Information Security / Vulnerability Analyst

Description Building on its longstanding commitment to New York State, JPMorgan Chase & Co. has established an innovative, industry leading partnership with Syracuse University. As part of this collaboration, employees of JPMorgan Chase & Co. are joining with Syracuse University faculty to create a unique curriculum focusing on Global Enterprise Technology and perform applied research in areas of mutual interest to the university and the firm.
 
Another key aspect of this partnership is the establishment of a JPMorgan Chase & Co. Technology Center on the campus of Syracuse University. The Tech Center will house team members providing the following technology functions:

• Formation of an Information Security & Risk Management Center of Excellence for use across the firm
• Application Development & Support of our world-class financial systems
• Collaborate with Syracuse University students and faculty on innovative research projects

This position will be part of the Information Security & Risk Management Center of Excellence and falls under the Corporate Internet Group (CIG), which creates and supports many of JPMorgan Chase's online banking and marketing capabilities.  The Information Risk Management (IRM) Team within CIG is responsible for overseeing controls and programs designed to ensure appropriate logical and physical protection of information and other assets.  The IRM Analyst is responsible for assisting with the day-to-day management and oversight of CIG's Vulnerability Management program, as well as various other information risk programs and assessments.  These include:

 
Line of Business Vulnerability Management Coordinator

• Using company-wide toolsets to oversee CIG's ability to identify and correct infrastructure security issues found in servers, databases, and workstations - including results from baseline configuration monitoring tools, anti-virus and patching issues, and results from various other toolsets
• Work with various technology teams to ensure toolsets used to detect infrastructure security issues are deployed on all necessary platforms.
• Monitor alerts from the firm's Computer Security Incident Response Team (CSIRT) and other Security Event Management sources; and drive timely remediation of issues within CIG.
• Create and maintain scorecards and reporting to display our risk profile and provide insight to management for decision making.
• Active Participation in firm-wide vulnerability management forums designed to keep lines of business up-to-date on process changes, upcoming projects that may impact CIG, or potential threats that may require due diligence and preparation.
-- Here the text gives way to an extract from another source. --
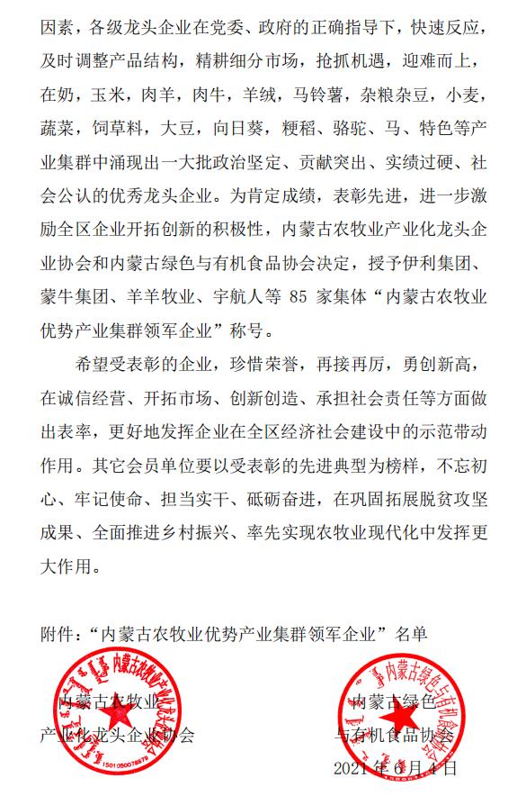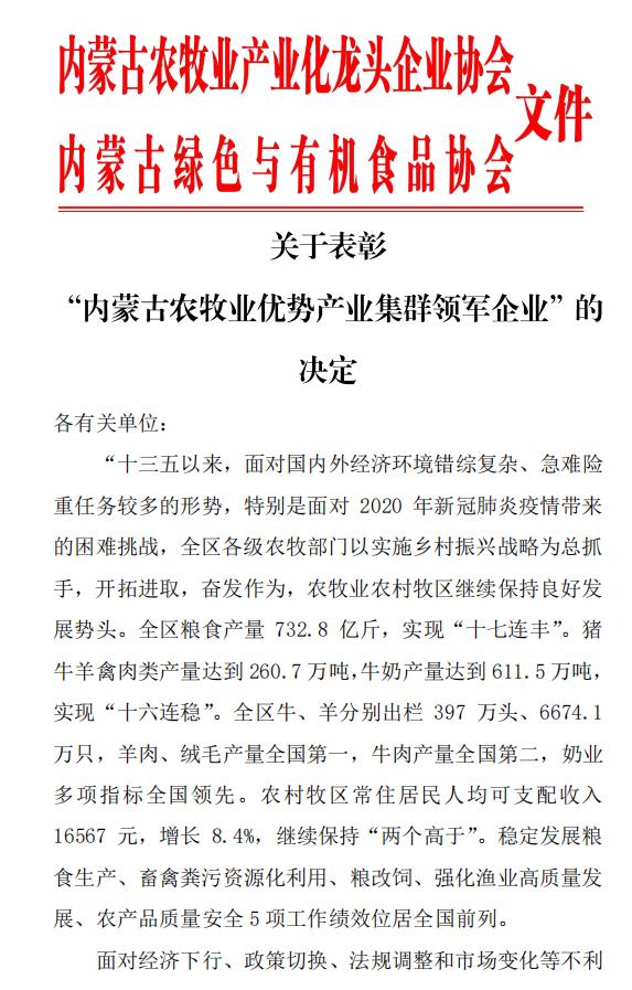 關(guān)于表彰“內(nèi)蒙古農(nóng)牧業(yè)優(yōu)勢(shì)產(chǎn)業(yè)集群領(lǐng)軍企業(yè)”的決定

General Information Risk Management Activities

• Participate in CIG's systems development lifecycle (SDLC) and change management process, to monitor information risk issues during the design of new systems and major changes, ensuring security principals are applied.  
• Work with technology leads to assess CIG supported applications based on security standards.
• Assist with tracking and assessing controls of outside service providers as necessary.
• Participate in the creation and/or delivery of security awareness initiatives for CIG.
• Assist with data protection initiatives and other programs as necessary.

JPM-SU Tech Center

Requirements

• 2-5 years related work experience
• Basic knowledge of technology platforms and web-based applications
• Basic understanding of infrastructure control procedures and security (Networks, and Unix / Windows servers and databases)
• Knowledge of web-application security a plus
• Solid foundation in reporting and creating metrics
• Strong communication and interpersonal skills, and ability to listen, learn, speak up, and mentor
• Project / Time management skills and self-starter attitude
• Ability to work with different groups and diverse projects as a partner
• Able to demonstrate respect for diversity in opinions, people and approaches
• University 4-year degree
• Security or control related certification (e.g. CISA, CISSP) is a plus

JPMorgan Chase is an Equal Opportunity and Affirmative Action Employer, M/F/D/V.